Besides that, Hohhot, like many other megacities in China, is under mounting pressure to clean up its air. The responsibility of pollution reduction often falls on the shoulders of big polluters such as heating facilities, and this has opened a door for a green transformation.
“They are happy to [use wind power for heating] as long as it does not jeopardize their business too much,” Kim said.
Government regulators to the rescue?
Still, some experts, including wind power professionals themselves, remain cautious.
Qin Haiyan, secretary-general of the Beijing-based Chinese Wind Energy Association, said that policymakers in China have been promoting wind-based heating because they want to resolve wind power curtailments.
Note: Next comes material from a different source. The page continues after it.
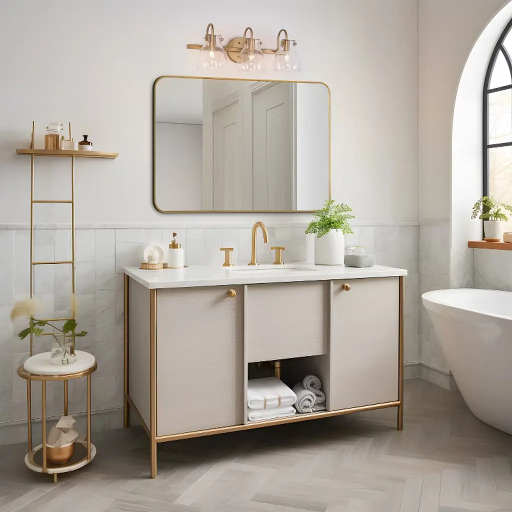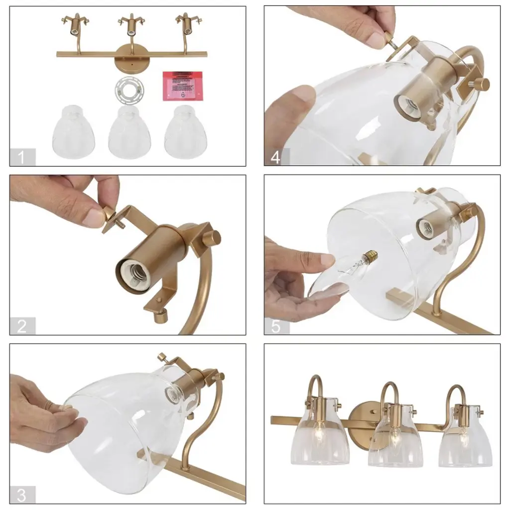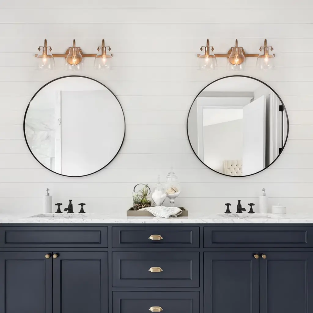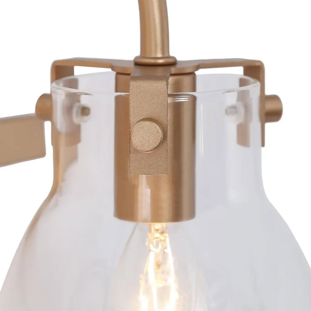 The LNC Charm 3-light modern vanity light bar exudes elegance with its lustrous gold finish and a trio of clear glass shades, each delicately balanced to cast a warm, welcoming glow. This gold bathroom vanity light combines contemporary and modern elements, making it a versatile addition to any decor style. The clear glass shades provide a clean, crisp look that contrasts elegantly with the gold base, creating a chic lighting fixture that fits seamlessly into luxurious, modern, and even transitional bathrooms. Perfect for bathrooms, powder rooms, or vanity areas, this light bar is designed to be mounted above a mirror or vanity, providing ample illumination for daily routines. The compact, wall-mounted design suits smaller spaces while adding a polished, modern touch, making it ideal for both residential and guest bathrooms alike.

But since the country is moving forward to reform its power sector, Qin said, barriers that once stopped wind turbines from being hooked up to power grids may start to fall away.
For years, China has been running its power sector on an outdated mechanism through which the government guarantees each coal-fired power plant a certain amount of operating hours. In order to give coal-fired power plants their promised operating time, grid system operators have been failing to feed in electricity from renewable energy projects to the grid.
But according to a new government regulation issued Nov. 30, China will give wind power generators and other cleaner electricity producers priority in selling their output to distributors and large industrial users ahead of coal-fired generation.
“Detailed guidelines will be released either at the end of this year or the beginning of next year,” Qin said. “Once the guidelines are put into practice, the curtailment problem will cease to exist.”
Although bottlenecks also occur when more energy is being produced than the grid system can safely carry, experts say, much of the blame for cutting back electricity generated from wind farms in China goes to the outdated mechanism, rather than technical challenges.
But converting a new regulation into actions requires time. Until that happens, wind power — along with solar, hydro and other renewable energy sources — is struggling to compete with coal for a way to reach Chinese energy users, and Wang, the parenting coach living in Beijing, is relying on a quick fix for her desire to breathe clean air.
“We bought an air purifier two years ago,” Wang said. “Air purifier is a hot item here; almost every family has one.”